● **Required work**
Output exactly the lines below from the one containing "広島市内(原爆ドーム前)を走る広島電鉄、路面電車" to the last line, both included. Omit pictures.

● **Supplied data**
_ _ _ _ _

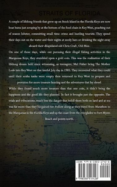 Lifelong friends that grew up in the Florida Keys, are now boat bums just scraping by at the bottom of the food chain, poaching lobster, committing small time crime and hustling tourists. They spend their days out on the water and their nights at seedy bars or drinking the night away aboard their dilapidated old Chris Craft, Old Moe. While out pursuing their illegal fishing activities in the Marquesas Keys, they stumbled upon a gold coin, realizing their lifelong dream. Held since witnessing Mel Fisher bring The Mother Lode into Key West on that fateful July day in 1985. They recovered what they could until their scuba tanks were empty, then returned to Key West to prepare for more treasure hunting and the adventures that lay ahead. Finding more treasure didn't bring the happiness and the good life they planned, just the opposite. The trials, tribulations and danger that befell them, both on land and at sea, was more than they bargained for. Join them on their voyage as they travel from Marathon to the Marquesas and up the coast from the everglades to Fort Myers Beach and destinations north.
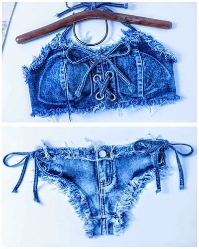 水着 ビキニ レディース セパレート デニム ジーンズ デニムビキニ バンドゥ 紐水着 紐ビキニ ブラジリアン ビキニ 上下 2点セット 大人 夏 海 可愛い 10代 20代 30代 M L XL
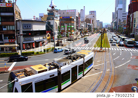 広島市内(原爆ドーム前)を走る広島電鉄、路面電車
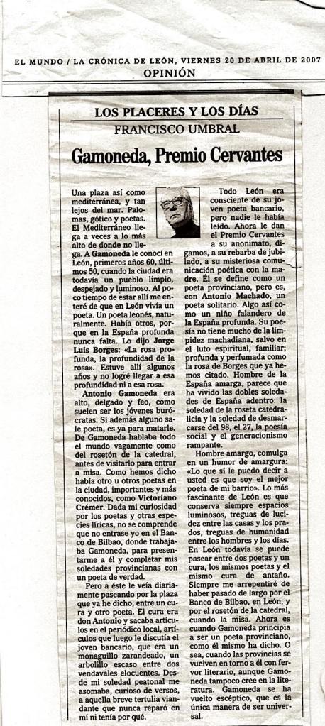 Un viejo artículo de Francisco Umbral, sobre la concesión del Premio Cervantes al poeta Antonio Gamoneda. Publicado en el diario El Mundo (el recorte es de La Crónica-El Mundo, viernes 20 de abril de 2007).

_ _ _ _ _

● **Written solution**
 広島市内(原爆ドーム前)を走る広島電鉄、路面電車
 Un viejo artículo de Francisco Umbral, sobre la concesión del Premio Cervantes al poeta Antonio Gamoneda. Publicado en el diario El Mundo (el recorte es de La Crónica-El Mundo, viernes 20 de abril de 2007).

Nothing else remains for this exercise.